=== Section Start ===
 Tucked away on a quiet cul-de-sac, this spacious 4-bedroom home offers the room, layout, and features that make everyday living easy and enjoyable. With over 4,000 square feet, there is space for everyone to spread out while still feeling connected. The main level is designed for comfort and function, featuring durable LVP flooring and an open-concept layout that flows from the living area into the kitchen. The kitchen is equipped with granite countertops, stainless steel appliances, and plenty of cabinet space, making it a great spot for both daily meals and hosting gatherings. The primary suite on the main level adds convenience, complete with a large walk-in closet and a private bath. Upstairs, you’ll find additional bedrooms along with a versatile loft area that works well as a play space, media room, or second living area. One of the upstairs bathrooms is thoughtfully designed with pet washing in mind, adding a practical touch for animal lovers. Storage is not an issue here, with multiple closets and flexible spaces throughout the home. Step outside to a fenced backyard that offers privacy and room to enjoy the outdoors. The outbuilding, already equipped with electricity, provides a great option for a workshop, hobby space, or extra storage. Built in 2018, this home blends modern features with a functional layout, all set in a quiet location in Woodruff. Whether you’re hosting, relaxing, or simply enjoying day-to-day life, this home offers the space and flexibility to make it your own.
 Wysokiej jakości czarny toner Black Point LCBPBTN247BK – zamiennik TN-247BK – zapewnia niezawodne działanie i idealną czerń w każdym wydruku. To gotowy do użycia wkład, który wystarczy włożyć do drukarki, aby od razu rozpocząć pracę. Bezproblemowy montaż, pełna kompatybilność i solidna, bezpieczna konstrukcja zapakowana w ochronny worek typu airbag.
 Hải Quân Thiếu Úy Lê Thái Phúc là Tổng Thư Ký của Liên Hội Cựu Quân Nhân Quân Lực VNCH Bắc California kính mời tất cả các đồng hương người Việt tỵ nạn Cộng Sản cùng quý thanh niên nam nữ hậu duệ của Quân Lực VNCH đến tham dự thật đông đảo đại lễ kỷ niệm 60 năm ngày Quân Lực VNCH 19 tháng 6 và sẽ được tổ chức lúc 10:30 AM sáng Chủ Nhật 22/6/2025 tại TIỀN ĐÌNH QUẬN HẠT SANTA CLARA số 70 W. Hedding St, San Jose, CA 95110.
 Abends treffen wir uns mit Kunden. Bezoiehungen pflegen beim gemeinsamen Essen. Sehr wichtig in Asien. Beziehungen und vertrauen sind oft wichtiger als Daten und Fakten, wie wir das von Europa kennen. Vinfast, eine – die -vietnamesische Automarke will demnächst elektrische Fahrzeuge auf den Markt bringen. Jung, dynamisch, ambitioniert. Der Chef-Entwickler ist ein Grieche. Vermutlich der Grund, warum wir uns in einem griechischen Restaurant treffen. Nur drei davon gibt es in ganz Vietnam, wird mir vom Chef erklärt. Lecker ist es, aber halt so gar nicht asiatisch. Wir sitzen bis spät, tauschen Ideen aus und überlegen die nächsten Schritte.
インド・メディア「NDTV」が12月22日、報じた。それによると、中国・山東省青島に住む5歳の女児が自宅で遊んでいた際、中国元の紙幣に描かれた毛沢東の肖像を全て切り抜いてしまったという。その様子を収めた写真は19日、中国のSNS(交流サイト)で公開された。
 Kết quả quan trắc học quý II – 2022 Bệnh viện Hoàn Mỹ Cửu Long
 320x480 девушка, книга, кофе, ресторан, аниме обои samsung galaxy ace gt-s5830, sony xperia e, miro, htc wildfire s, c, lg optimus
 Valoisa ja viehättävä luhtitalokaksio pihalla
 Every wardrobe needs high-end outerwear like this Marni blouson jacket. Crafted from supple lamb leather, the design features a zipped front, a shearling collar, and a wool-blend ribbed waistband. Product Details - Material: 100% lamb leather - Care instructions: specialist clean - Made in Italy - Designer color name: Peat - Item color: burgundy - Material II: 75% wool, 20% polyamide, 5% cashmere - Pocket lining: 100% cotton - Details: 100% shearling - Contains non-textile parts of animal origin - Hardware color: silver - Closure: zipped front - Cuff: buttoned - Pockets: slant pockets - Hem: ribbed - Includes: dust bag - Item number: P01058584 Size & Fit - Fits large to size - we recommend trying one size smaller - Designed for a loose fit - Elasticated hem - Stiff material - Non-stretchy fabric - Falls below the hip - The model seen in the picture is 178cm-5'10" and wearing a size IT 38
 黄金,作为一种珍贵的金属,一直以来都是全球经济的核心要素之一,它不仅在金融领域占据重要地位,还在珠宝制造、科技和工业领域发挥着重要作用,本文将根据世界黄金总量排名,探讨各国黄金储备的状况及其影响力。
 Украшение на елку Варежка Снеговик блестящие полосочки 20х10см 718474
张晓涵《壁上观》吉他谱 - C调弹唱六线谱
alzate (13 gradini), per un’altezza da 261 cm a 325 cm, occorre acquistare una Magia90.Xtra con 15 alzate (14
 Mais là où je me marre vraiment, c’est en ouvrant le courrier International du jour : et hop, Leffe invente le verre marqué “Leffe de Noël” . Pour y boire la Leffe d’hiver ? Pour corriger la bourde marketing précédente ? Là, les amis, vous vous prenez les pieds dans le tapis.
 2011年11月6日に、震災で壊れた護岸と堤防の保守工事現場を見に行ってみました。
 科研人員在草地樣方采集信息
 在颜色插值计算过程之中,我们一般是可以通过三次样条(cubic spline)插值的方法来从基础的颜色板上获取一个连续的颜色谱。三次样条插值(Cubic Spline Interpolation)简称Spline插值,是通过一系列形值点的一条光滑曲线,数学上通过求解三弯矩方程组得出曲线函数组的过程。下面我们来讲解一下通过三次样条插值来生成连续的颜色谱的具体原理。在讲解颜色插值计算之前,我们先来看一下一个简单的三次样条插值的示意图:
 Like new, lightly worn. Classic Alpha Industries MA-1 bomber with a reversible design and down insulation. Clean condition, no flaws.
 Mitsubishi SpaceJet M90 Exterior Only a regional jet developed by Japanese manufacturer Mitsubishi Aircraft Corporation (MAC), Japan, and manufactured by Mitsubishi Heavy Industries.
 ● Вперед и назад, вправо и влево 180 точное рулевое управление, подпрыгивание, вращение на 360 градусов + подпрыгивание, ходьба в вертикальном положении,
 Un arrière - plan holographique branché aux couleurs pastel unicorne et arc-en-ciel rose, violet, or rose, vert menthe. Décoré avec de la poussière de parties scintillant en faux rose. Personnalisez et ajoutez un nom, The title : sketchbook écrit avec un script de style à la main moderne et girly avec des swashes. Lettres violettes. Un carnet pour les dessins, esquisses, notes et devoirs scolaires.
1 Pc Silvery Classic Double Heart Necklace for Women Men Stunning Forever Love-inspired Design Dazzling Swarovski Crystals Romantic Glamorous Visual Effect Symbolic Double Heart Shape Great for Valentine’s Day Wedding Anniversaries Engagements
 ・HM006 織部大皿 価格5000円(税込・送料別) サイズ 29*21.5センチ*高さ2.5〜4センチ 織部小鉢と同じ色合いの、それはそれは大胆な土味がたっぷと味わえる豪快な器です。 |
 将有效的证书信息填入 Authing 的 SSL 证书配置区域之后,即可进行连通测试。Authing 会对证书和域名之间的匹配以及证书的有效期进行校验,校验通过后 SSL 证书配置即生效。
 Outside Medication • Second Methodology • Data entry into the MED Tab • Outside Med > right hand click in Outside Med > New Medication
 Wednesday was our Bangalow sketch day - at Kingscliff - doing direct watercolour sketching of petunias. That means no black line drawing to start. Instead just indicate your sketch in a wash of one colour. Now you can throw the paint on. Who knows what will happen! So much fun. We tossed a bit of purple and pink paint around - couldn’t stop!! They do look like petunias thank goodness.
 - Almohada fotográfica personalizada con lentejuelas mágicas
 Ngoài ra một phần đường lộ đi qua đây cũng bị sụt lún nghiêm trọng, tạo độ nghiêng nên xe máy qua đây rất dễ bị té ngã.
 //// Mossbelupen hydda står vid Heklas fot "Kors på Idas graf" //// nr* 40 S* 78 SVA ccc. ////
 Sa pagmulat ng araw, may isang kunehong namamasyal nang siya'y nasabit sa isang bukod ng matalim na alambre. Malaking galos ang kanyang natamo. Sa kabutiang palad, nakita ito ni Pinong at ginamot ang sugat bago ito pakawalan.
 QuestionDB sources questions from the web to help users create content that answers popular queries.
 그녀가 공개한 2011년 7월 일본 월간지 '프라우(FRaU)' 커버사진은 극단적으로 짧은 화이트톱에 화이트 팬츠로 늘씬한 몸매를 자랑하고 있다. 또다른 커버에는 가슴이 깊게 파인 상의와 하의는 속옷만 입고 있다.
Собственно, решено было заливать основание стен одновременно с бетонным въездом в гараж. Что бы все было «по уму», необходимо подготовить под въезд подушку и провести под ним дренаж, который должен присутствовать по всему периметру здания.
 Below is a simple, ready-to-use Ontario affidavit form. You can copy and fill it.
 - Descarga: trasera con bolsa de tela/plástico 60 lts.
=== Section End ===
▶ **What you will do**
Your reply should be one number, the count of lines in the data that include the word "Classic".

▶ **Your response**
2